- Opening Delimiter -

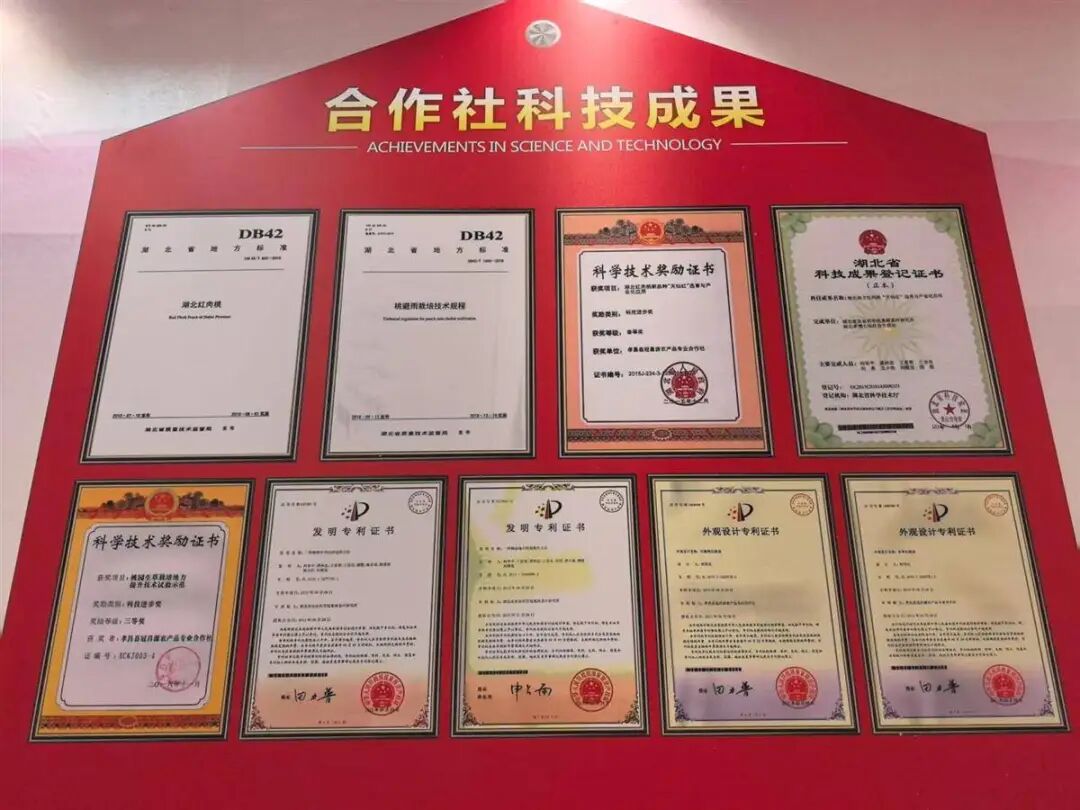 品种好,还要种得好。产业园联合专家取得发明专利3项、新型实用专利8项、科技成果3项、参与湖北省地方标准制定5项。开心形整形、聚土起垄栽培、避雨栽培等新技术让桃园巧做“加减法”:亩产降至3000斤,优质果率增至90%以上,价格高出市场价60%。
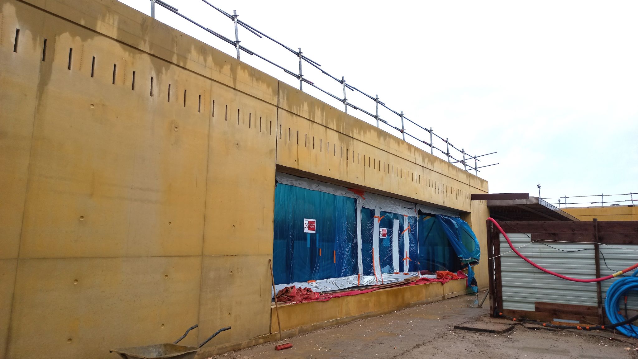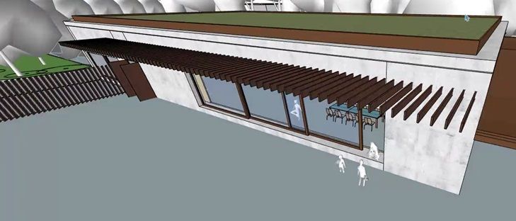 This project, designed by the Yoonseux Architectes agency and carried out by the Besnard & Chauvin team, a subsidiary of the group in charge of the work, is particularly innovative. This is a beam with a span of 13.30 m, relatively thin with a thickness of 20 cm and a height of 1.30 m, with 48 reservations to accommodate the blades of a sunshade. The 3 cm x 15 cm reservations are arranged every 20 cm.
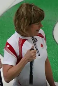 McRorie is known for her distinctive "Manitoba tuck" delivery while using a corn broom while delivering the rock.
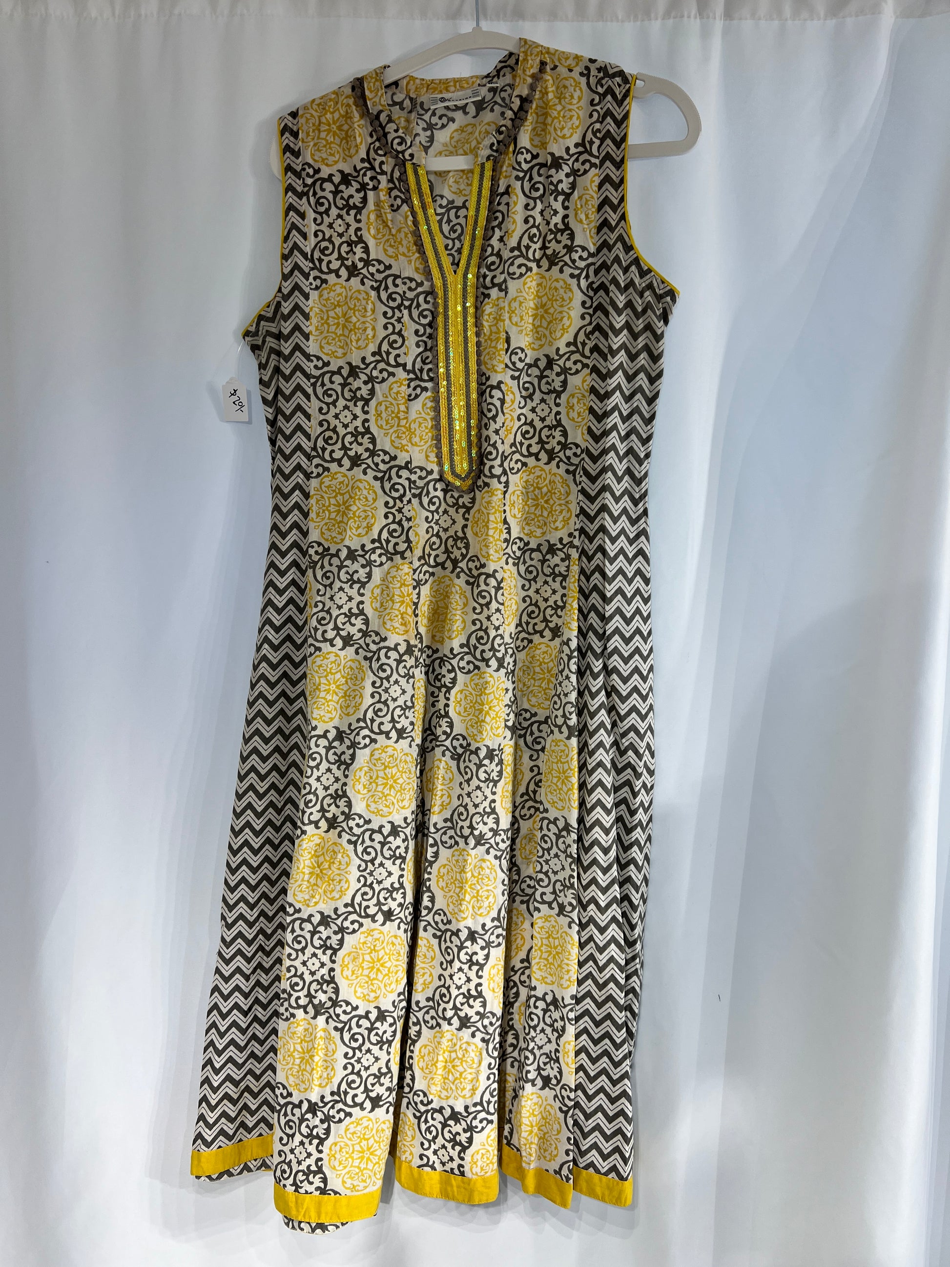 Printed yellow black cotton long kurti
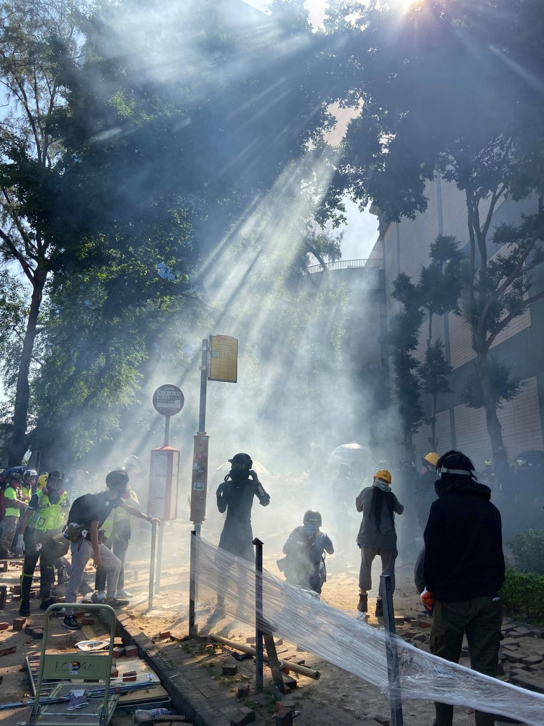 催淚彈的煙霧彈瀰漫,在陽光照射下,竟形成一種唯美的畫面。這張照片也是林靜梅與同事們得獎作品《「荒日下煙硝四起」記香港理工大學抗爭》系列報導命名的由來。圖:林靜梅提供
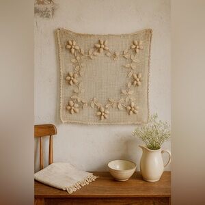 French Vintage 3D Handmade Crochet Floral Beige Tablecloth Cottagecore Decor
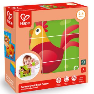 Puzzle din lemn cuburi – Animale de la ferma 3 x 3
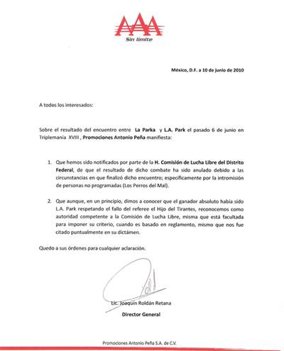 Que hemos sido notificados por la H. Comisión de lucha libre del Distrito Federal, de que el resultado de dicho combate ha sido anulado debido a las circunstancias en que finalizo dicho encuentro; específicamente por la intromisión de personas no programadas (los perros del mal).Anuncio Que aunque, en un principio, dimos a conocer el ganador absoluto había sido LA Park respetando el fallo del referee el hijo del tirantes, reconocemos como autoridad competente a la comisión de lucha libre, misma que está facultada para imponer su criterio, cuando es basado en reglamento, mismo que nos fue citado puntualmente en su dictamen.Quedo a sus órdenes para cualquier aclaración.

- Closing Delimiter -

◆ Task directions ◆
Leaving pictures out, output the lines of the data above from the one with "French Vintage 3D" through the one with "Puzzle din lemn", word for word.

◆ Result for this task ◆
 French Vintage 3D Handmade Crochet Floral Beige Tablecloth Cottagecore Decor
 Puzzle din lemn cuburi – Animale de la ferma 3 x 3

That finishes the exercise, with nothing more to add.